= PLVI =

Urban planning term

A peak land value intersection is the region within a settlement with the greatest land value and commerce.
==Location==
As such, it is usually located in the central business district of a town or city, and has the greatest density of transport links such as roads and rail. Other hallmarks indicating a PLVI are tall buildings (in order to maximise the use of land) and a relatively great number of pedestrians.
==Economic basis==
This model is the urban equivalent of von Thünen's rural land use model in that both are based upon locational rent. The main assumption is that in a free market the highest bidder will obtain the use of the land. The highest bidder is likely to be the one who can obtain the maximum profit from that site and so can pay the highest rent. Competition for land is keenest in the city centre.

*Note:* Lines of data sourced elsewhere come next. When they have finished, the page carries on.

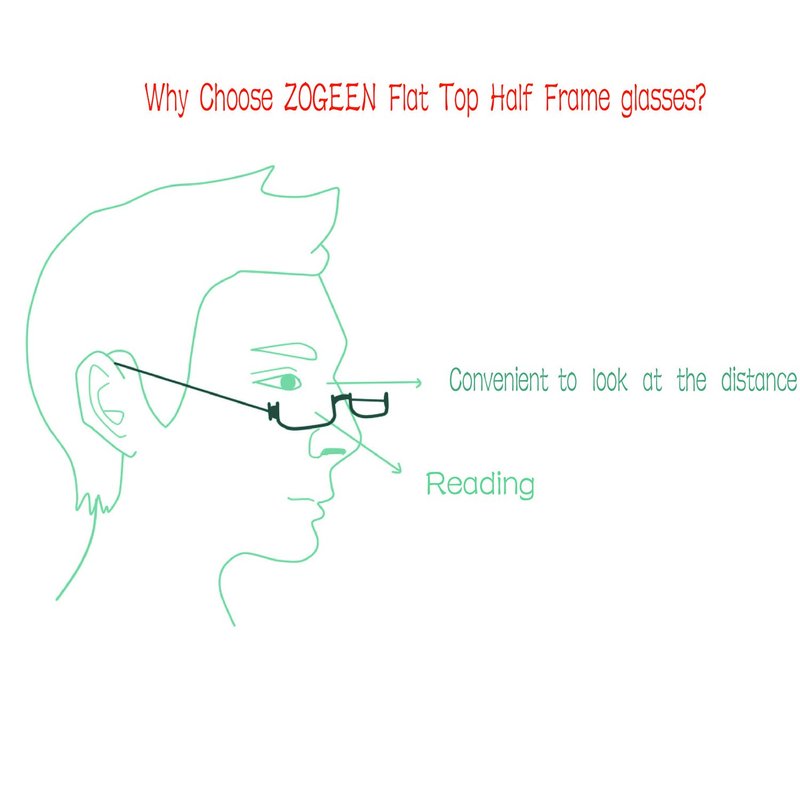 - BROADER VISION: ZUVGEES half-rim presbyopic glasses with top half frame being rimless allow you to look at distant objects without blocking the view; meanwhile, they are perfect for reading through the high-quality lenses.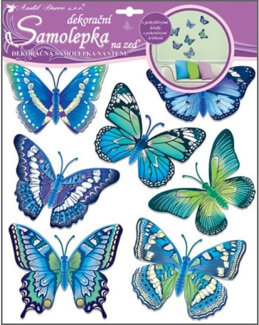 samolepka na zeď MOTÝLI modří, 30,5x30,5cm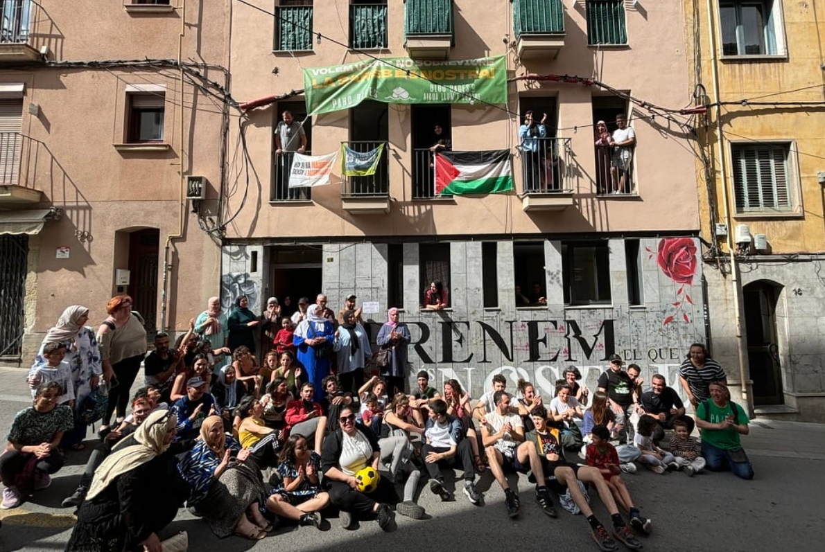 2024년 5월 5일, 카탈루냐 만레사의 파블로와 나디아가 거주하는 재개발된 건물 밖에서 PAHC 회원들이 점거 1주년을 기념하고 있다. 출처: PAHC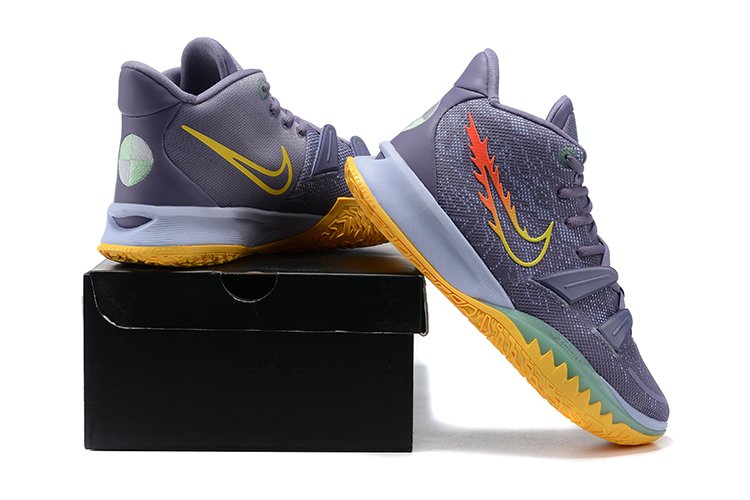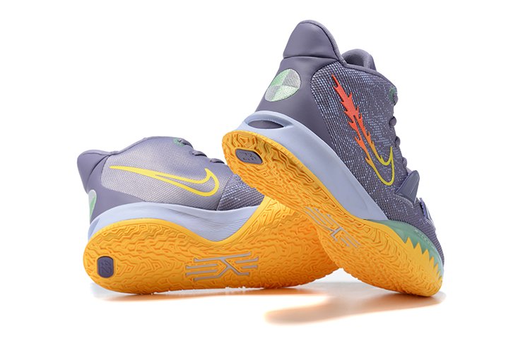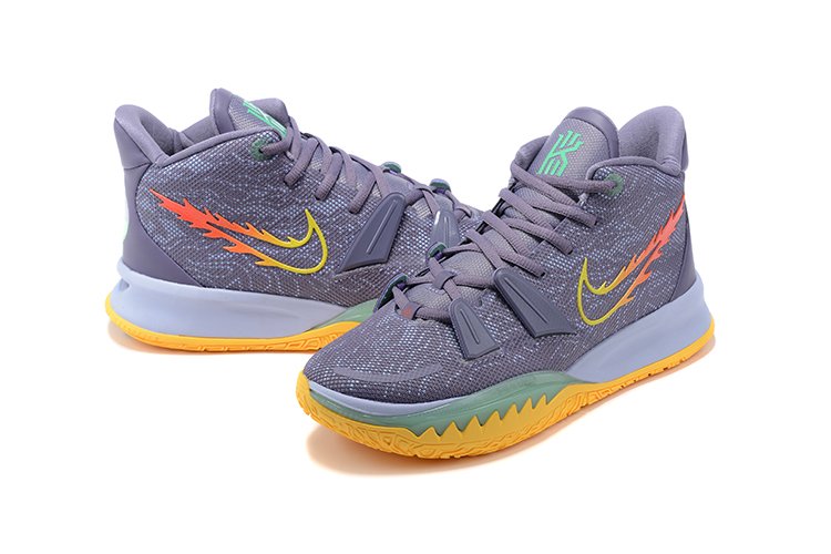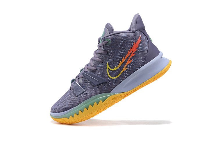 This Nike Kyrie 7 “Flame Swoosh Logos” comes dressed in a Daybreak, Citron Pulse, Siren Red, and Ghost color combination. Featuring Grey on the upper while Yellow outlines the Swoosh on the medial and on the lateral side, we have flames with a gradient finish. Next, pastel Green hits the branding, top eyelet, insoles, and a section of the midsole. Finally, we have a unique circular design on the heel and a Yellow rubber outsole finishes the look.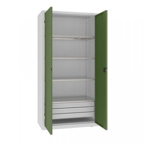 Dílenské kovové skříně se třemi zásuvkami a čtyřmi policemi vhodné pro profesionální použití ve vnitřních suchých a větraných prostorách. Monolitická svařovaná konstrukce z oceli tl. 1 mm zajišťuje vysokou pevnost. Křídlové dveře s tříbodovým zámkem RONIS (dodáváno se 2 klíči). Vyrovnávací nožky, které jsou nastavitelné zevnitř. Posuvníky pro snadný pohyb skříně a ochranu podlahy. Pro vysokou bezpečnost lze přikotvit ke zdi. Před lakováním jsou skříně potaženy zirkoniovou vrstvou, která je chrání před korozí a zvyšuje přilnavost laku. Skříně jsou opatřené nátěrem, který má klasifikaci reakce na oheň: A2-s1, d0 dle norem PN-EN 13501-1:2019-02. Vyráběno v souladu s normami ISO:9001 a ISO:14001.Kovové dílenské skříně, 199 x 100 x 50 cm, 3 zásuvky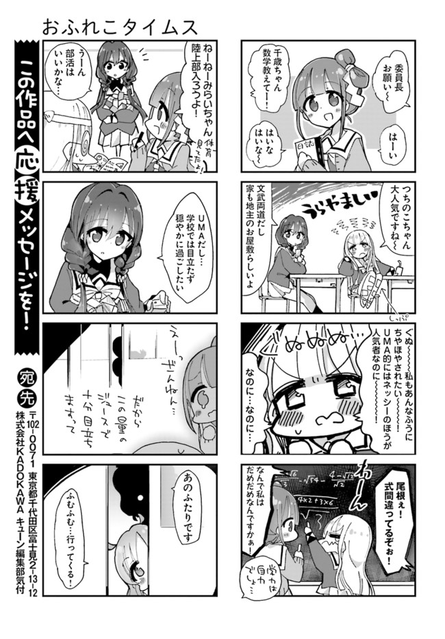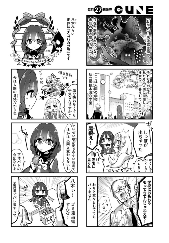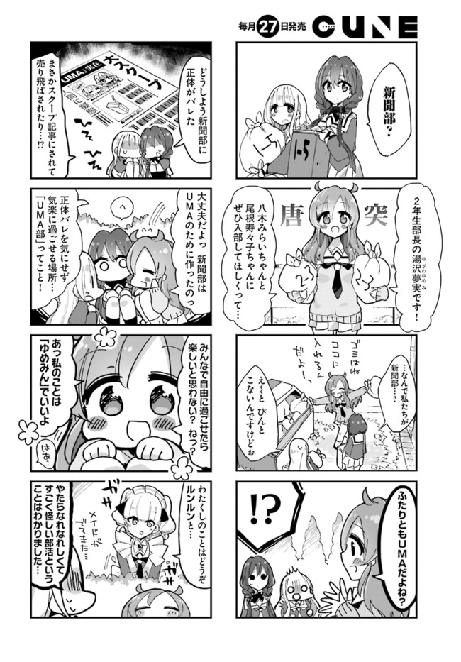 私たちUMA(未確認生物)です。人間に化けて暮らしています。――UMAだって年頃の乙女なんです! 人間の学校で暮らすUMAたちが「新聞部」を秘密基地にドタバタ生活を送るモンスターコメディ!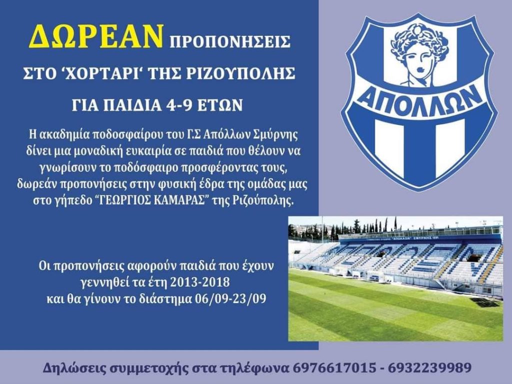 Από 6 ως 23 Σεπτεμβρίου η ακαδημία ποδοσφαίρου του ΓΣ Απόλλων δίνει την ευκαιρία σε παιδιά από 4 ετών μέχρι 9 ετών να προπονηθούνε δωρεάν στη Ριζούπολη και να ζήσουν «κλίμα γηπέδου» στο χορτάρι της «Ελαφράς Ταξιαρχίας». 6976617015 και 6932239989 τα τηλέφωνα επικοινωνίας όπου μπορούν οι ενδιαφερόμενοι γονείς να έρθουν σε επαφή με τους ιθύνοντες.

The most expensive or 'prime' sites in most cities are in the CBD, mainly because of its accessibility and the shortage of space there. Shops, especially department stores, conduct their business using a relatively small amount of ground space, and due to their high rate of sales and turnover they can bid a high price for the land (for which they try to compensate by building upwards and by using the land intensively). The most valuable site within the CBD is called the peak Land value intersection or PLVI. Competing with retailers are offices, which also rely upon good transport systems and, traditionally, proximity to other commercial buildings (this concept does not have the same relevance in centrally planned economies).

One basis of this model is 'the more accessible the site, the higher its land value'. Rents will therefore be greater along main routes leading out of the city and along outer ring roads. Where two of these routes cross, there may be a secondary or subsidiary land value peak. Here the land use is likely to be a small suburban shopping parade or a small industrial estate.